Detailed Description

Complete technical specification and implementation details from the patent document.

The present invention relates to automatic index recommendations for online transaction workloads in a database management system.

Online Transaction Processing (OLTP) is a type of data processing that consists of executing a number of transactions occurring concurrently, such as online banking, shopping, order entry, or sending text messages, for example. In the past, OLTP was limited to real-world interactions in which something was exchanged, such as money, products, information, request for services, and so on; however, the definition of transaction in this context has expanded over the years, especially since the advent of the internet, to encompass any kind of digital interaction or engagement with a business that can be triggered from anywhere in the world and via any web-connected sensor. OLTP also includes any kind of interaction or action such as downloading pdfs on a web page, viewing a specific video, or automatic maintenance triggers or comments on social channels that maybe critical for a business to record to serve their customers better.

Indexes are used to quickly look up rows with specific column values. Without an index, the entire table must be scanned to find the relevant rows. This table scan can be costly, especially for larger tables. If the table has an index for the columns in question, the position of the relevant rows can quickly be determined without having to look at all the data.

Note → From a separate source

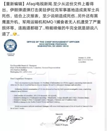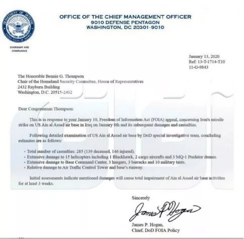 因为该网贴不仅宣称伊朗在1月8日对美军驻伊拉克基地的报复性恐袭中,实际上炸死炸伤了285名美军士兵,还拿出了一份美国国防部写给一名美国国会议员的信件作为佐证。
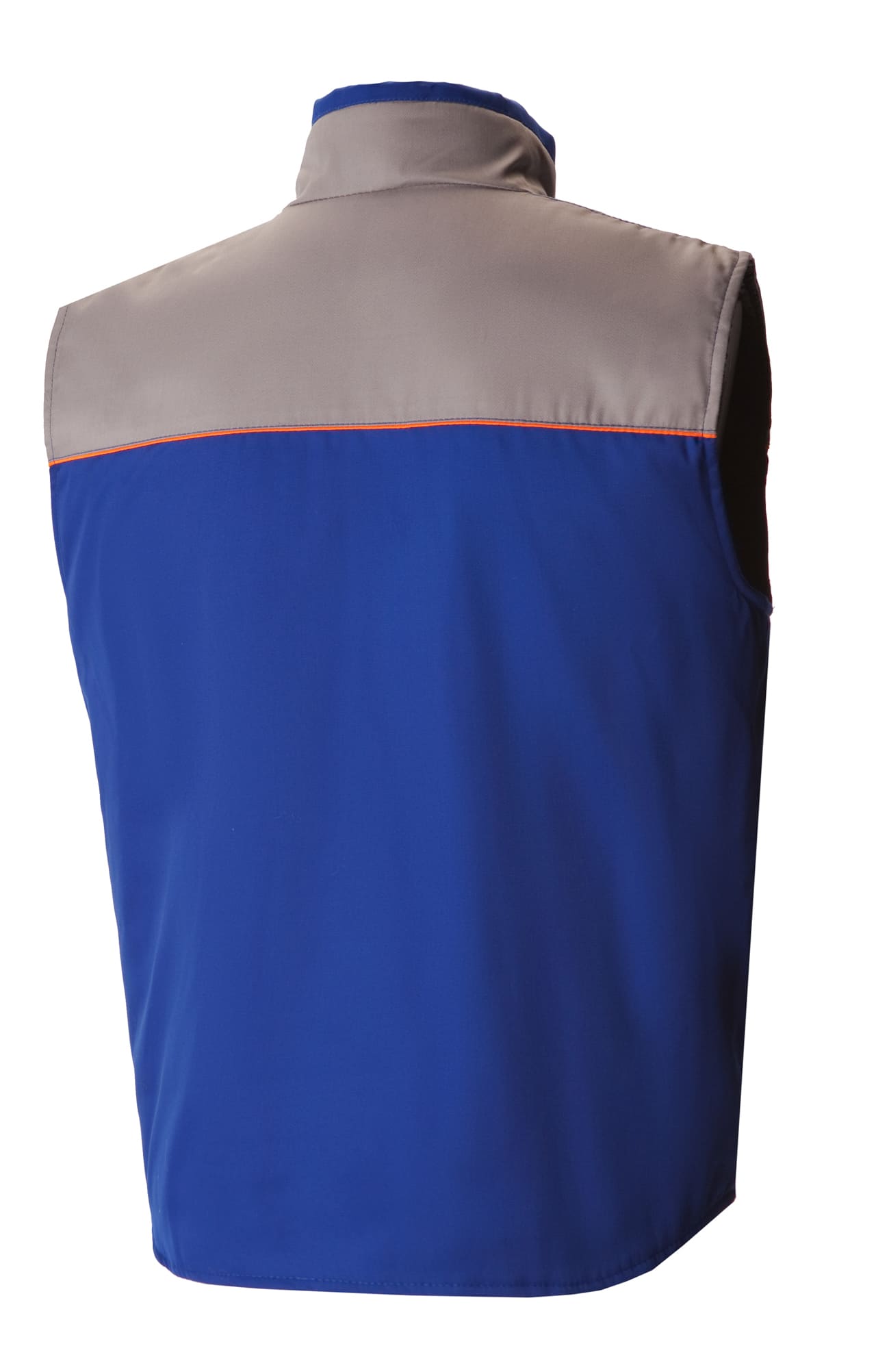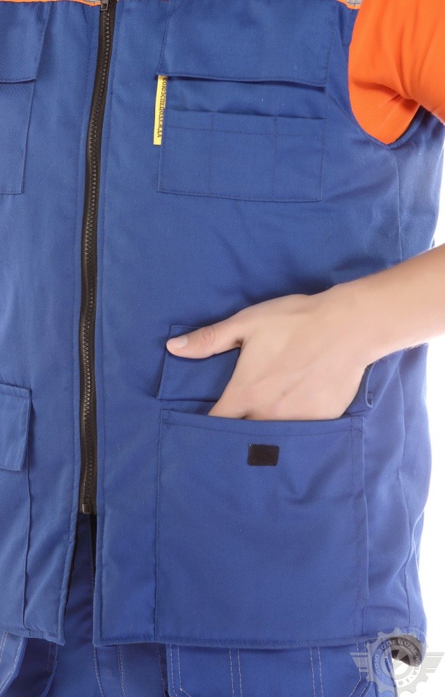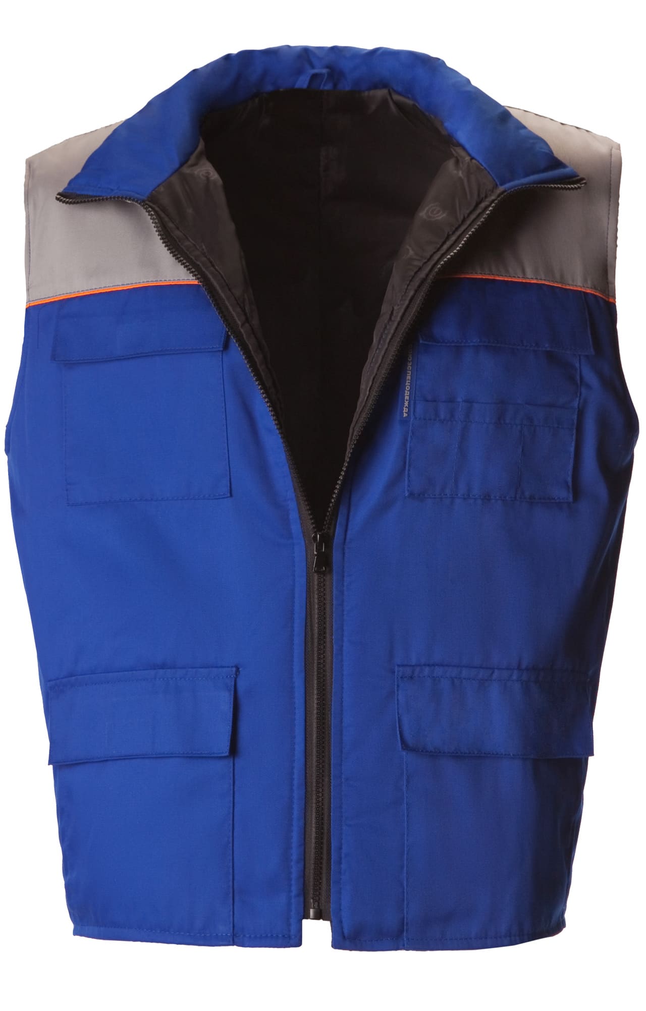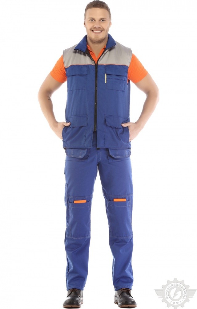 Зимний жилет “Профессионал” комбинированной расцветки (васильковый со светло-серым) используется в качестве рабочей одежды в условиях пониженных температур.

Creating an optimal set of indexes has always been a challenging task for database administrators (DBAs). On the one hand, creating too few indexes can result in low query performance, especially for SELECT statements. On the other hand, creating too many indexes leads to excessive index maintenance during data manipulation language statements (DMLs), in turn again hampering performance. Furthermore, the existence of too many indexes takes up storage and can also cause the query compilation to slow down as the optimizer tries to evaluate the best index candidate for a given table/query.

For DBAs to recommend indexes, not only do they need to have a deep understanding of how indexes impact the various query constructs like WHERE predicates, JOINs, ORDER BY etc., they need to come up with an optimal and minimal set of indexes for a given workload that also maintains a balance between performance and storage. In addition, if the user workload changes, the DBA must revisit the index choices all over again, making the task quite daunting.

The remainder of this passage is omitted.